Trespass
CANADA | Thursday, 15 May 2014 | Views [265] | Scholarship Entry
The farmhouse is a relief as I step out of the tree line and into an overgrown field with my family. As I hurry toward it ahead of the others the building is obviously not the salvation we had hoped it might be. The paint has long since worn off, either from time or weather, and the doorway stands empty. Sometimes, looking at pictures online, I can hardly believe that the scenes captured by others could possibly be real. The abandoned farm is one of those images. From a distance it is idyllic, an old house in the background with an overgrown field before it and even a multiple-row plow left to rust in the dirt to one side. Up close it is no less photogenic. The store house must be years abandoned, the broken boards in the single room space left undisturbed save for the new plant life that works to reclaim the area. Anywhere back home the place would be boarded off with “no trespassing” signs, nearly impossible to enter. Here it’s all just another part of the landscape.

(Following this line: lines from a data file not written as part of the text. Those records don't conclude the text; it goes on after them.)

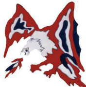
Southern Nash High School Firebirds
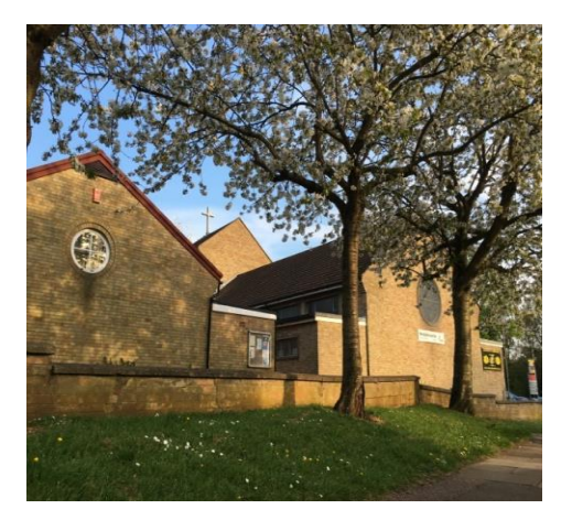
St Peter's Church
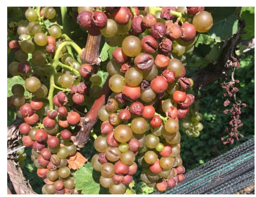
Figure 4. 'Vidal blanc' with damaged skins and sour rot symptoms.

Barata et al. (2012) has suggested that damage to berries allows sour rot to initiate. The causal agent of the damage is not relevant to sour rot, but any damage results in exploitation of the berry pulp by fruit flies, AAB, and yeast. Fruit flies are attracted to the damaged berries, and thus act as vectors that transport AAB and yeast to injury sites in unaffected fruit clusters (Barata et al. , 2012). Sour rot is then initiated through uncontrolled fermentation of the berry juice into ethanol. Ethanol is oxidized by AAB into acetic acid, which then turns the fruit shades of brown and causes the pulp to liquefy and emit a sour vinegar aroma, giving the disease its name. In fact, the smell of vinegar permeates the air and is indicative of sour rot. Damaged and rotting fruit attract more fruit flies that continue the cycle by spreading the AAB and yeast to unaffected fruit. The fermented pulp can also ooze and drip onto the other berries within the cluster, spreading the infection to previously undamaged berries. Sour rot can be visually distinctive, with deflated tan to brown berries and no obvious fungal structures (Figure 4 and Figure 5), though the disease can often coincide with Botrytis bunch rot infections (Figure 1). Sour rot can resemble sunscald, but the scent of acetic acid is a diagnostic key to identifying this disease complex.
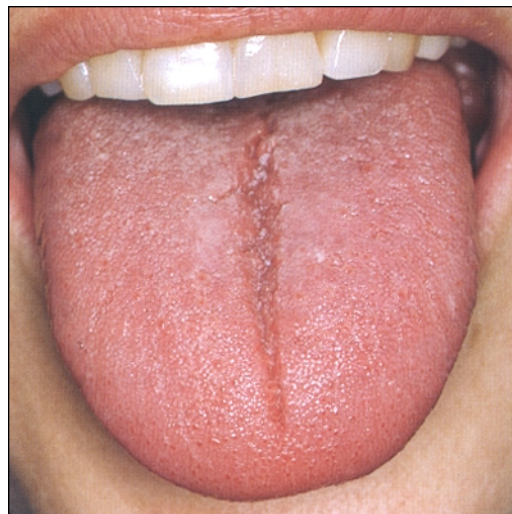
Figure 6.1.2.5 Female 40 years old

Kidney yin deficiency with heat in the Heart and Stomach Constitutional heat in the Heart Normal
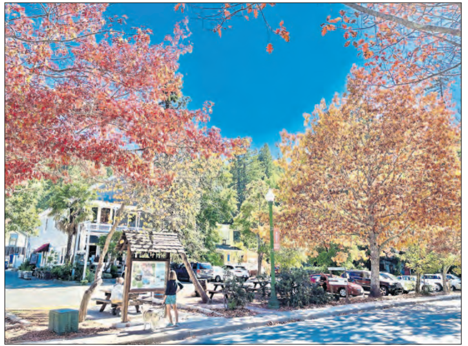
Occidental is cloaked in fall colors along the Bohemian Highway.

THURSDAY, NOVEMBER 4, 2021 MONTEREYHERALD.COM
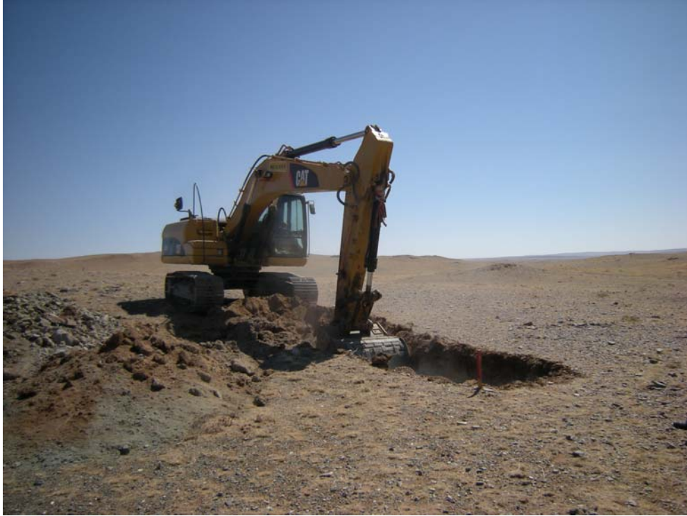
Fig. 2 Commencement of trench excavation at Three Eagles Central
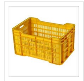
40KG HDPE Crates
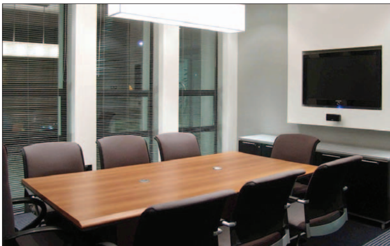
Pacnet (Europe) Ltd., Shannon, Ireland, new boardroom
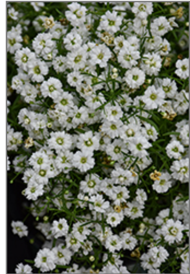
Gypsy White Baby's Breath flowers
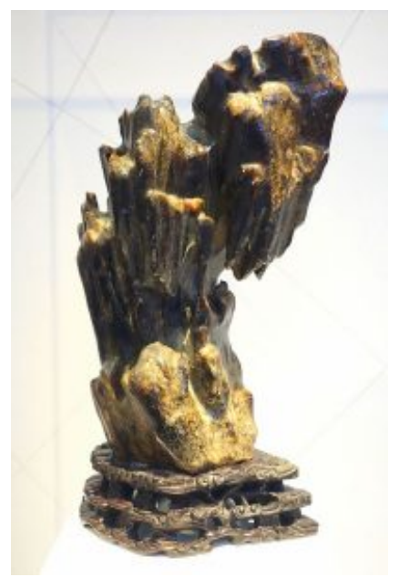
Scholar's Rock Late Ming or early Qing dynasty, 17th-18th century, steatite Exhibit in the Brooklyn Museum – Brooklyn, New York, USA.

Depicting this scene of nature on a rhinoceros horn is the perfect choice of a canvas. The Chinese were often known to bring nature indoors. Ornamental rocks, or Scholars' rocks brought nature closer and into the scholars' studios. Similar to these Scholars' rocks, the rhinoceros horn brought its owner closer to nature.
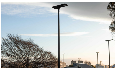
Tarleton St East Devonport 1
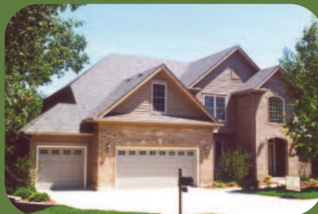
“The Monico” First Floor Master Suite
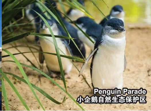
Penguin Parade 小企鹅自然生态保护区
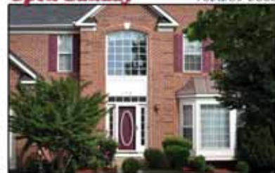
Lorton • Open Floor Plan • New Granite • $575,000
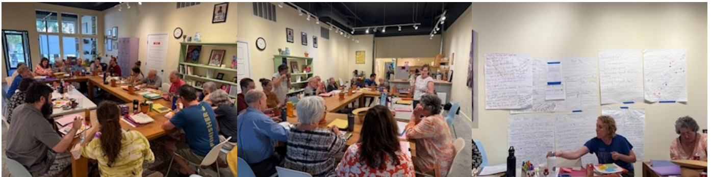
Images from our recent board retreat

Services in blue. Excludes Shabbat services. See High Holidays Bulletin for more information on all events. Register here for High Holidays services.
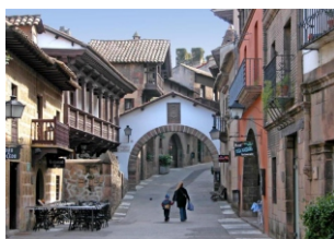
"El Poble Español", Barcelona

There is no phone inside, a feeble hope but the farm has at least given us something better than the old woodcutter’s trail we had been following in the woods. A road stretches out in both directions in front of the ruined building, the only thing left to do is to pick a direction and continue on our way. There is no way of knowing which will take us closer to help and which farther away. In the end we leave it to chance.

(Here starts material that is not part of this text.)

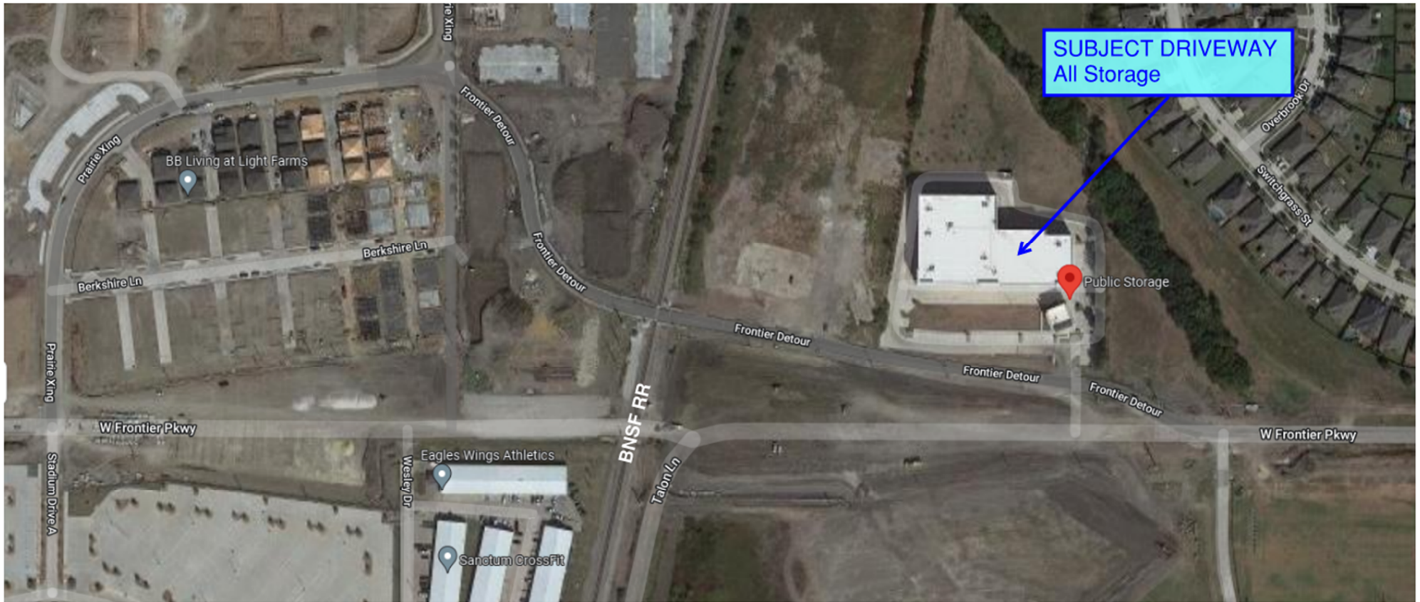
EXHIBIT A All Storage Driveway Shift General Project Location
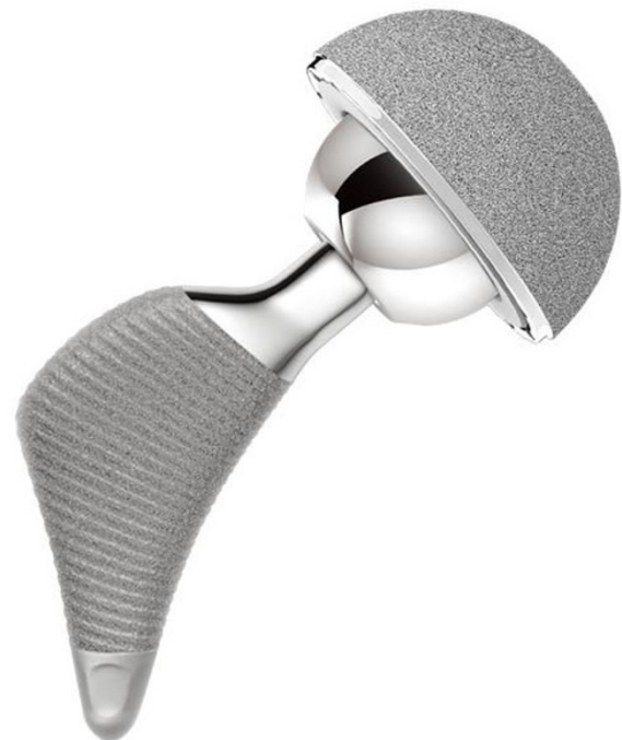
Figure 2 The DePuy Proxima™ hip.

The DePuy Proxima™ hip (DePuy International, Leeds, UK) is manufactured from titanium alloy (Ti-6AL-4V) and has a lateral flare intended to conform to the lateral femoral endosteal surface (Fig. 2). The stem has a 12/14 taper and is available in high and standard offsets. The physiological neck angle is set at 130° and the prosthesis is anatomically shaped with an anteverted neck and available in left and right versions. The entire proximal region of the stem has a sintered bead porous coating with a thin layer

Getting lost in the great northern woods of Canada had not been part of the plan when we had struck out for a short hike now hours past. Finding an abandoned farm hadn't been part of that plan either, but seeing it for the first time is an image that I will not forget. Walking down the road, spirits renewed with a real road underfoot even if only of packed dirt, we come across a chain strung across our path with a sign hung on it warning off trespassers. We step around it unsure if we dodged a bullet, or how accurate that turn of phrase is applied to our situation. There is no rust on the sign.